The answer was Lee Renaud himself. After making the necessary arrangements for the care of his Great-uncle Gem, Lee had caught the first train north.

As they taxied across Adron, the busy rush of trucks and cars, the clang and clatter of this factory metropolis, and the loom of skyscrapers furnished a thrill for the visitor—but it was as nothing to the thrill of his first sight of a dirigible.

Captain Bartlot had wirelessed Renaud that an airship, the dirigible Nardak, was to be their mode of travel. But Renaud had not dreamed how immense this ship would be. Even before he saw the monster of the air, the unique building that housed it loomed before his eyes like some magic growth.

There it stood—a master structure in dun-colored steel, semi-paraboloid in shape, like a mastodonic egg cut in half lengthwise. A one-story structure eleven hundred feet long, and tall enough to take a twenty-two story skyscraper under its roof, with room to spare!

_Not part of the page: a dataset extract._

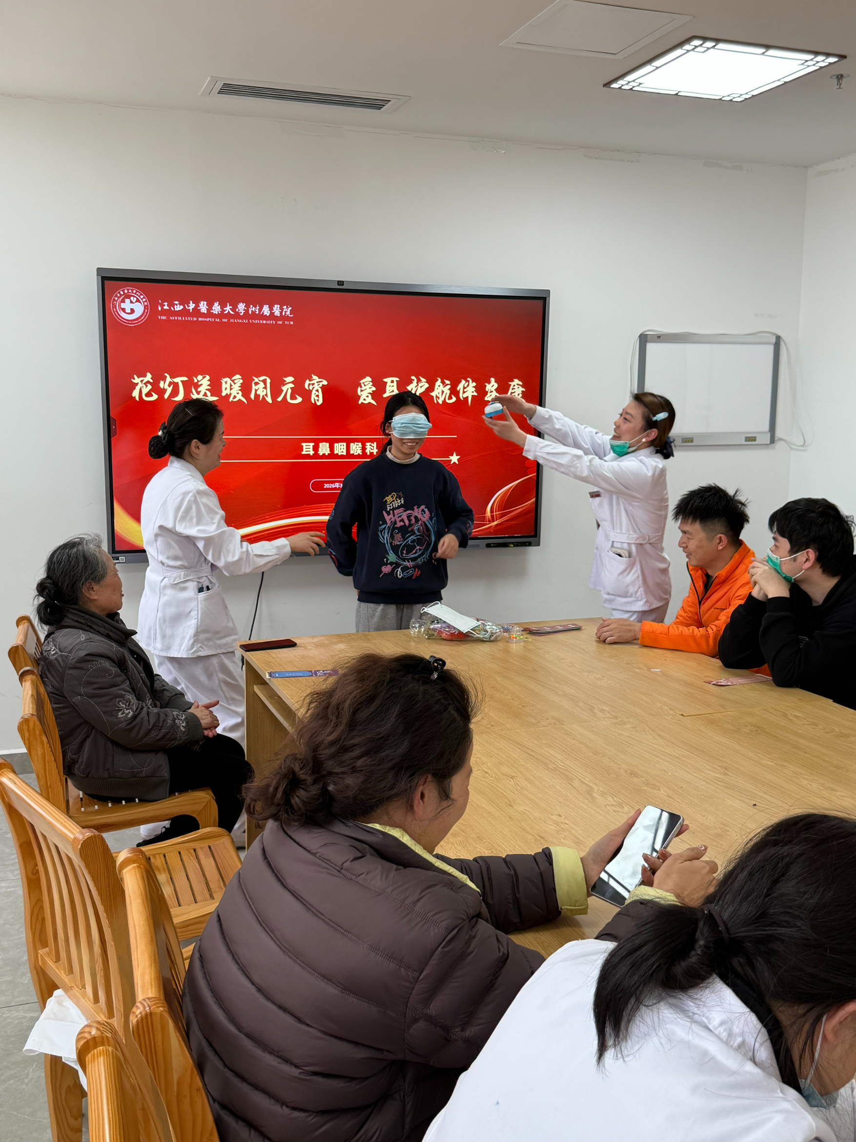 元宵佳节,耳鼻咽喉科护士与患者温情互动,通过悦耳轻操手把手教学、听令争先趣味抢答、唇语传声无声体验、闻声辨位听觉游戏、灯谜知护健康竞猜等五大沉浸式环节,将护耳知识融入节日烟火。患者在欢声笑语中学习保健技能,在互动体验中感受医者仁心,真正实现了“娱乐+科普”的双向奔赴。

While their taxi was still some miles from the airport, its enormous bulk dominated its surroundings.

Men in impressive uniforms patrolling outside the building seemed like minute toys in comparison. Small wonder, when the doors behind them weighed six hundred tons each and stood two hundred feet high.

As the two got out of the taxi and came up the paved way, Bartlot motioned to a couple of officials. “Commander Millard, Chief Engineer Goode,” he called out, “here’s another of our staff, second in command at the radio—my friend Renaud.”

“Glad to meet you! Ah—a word with you, Captain?” and Millard, briefly acknowledging the introduction, went aside with Bartlot.

A heated argument ensued. Voices, lowered at first, rose now and then. “A mistake—too young, country bumpkin—risk to expedition.”

Lee had the uncomfortable feeling that he was the subject of discussion.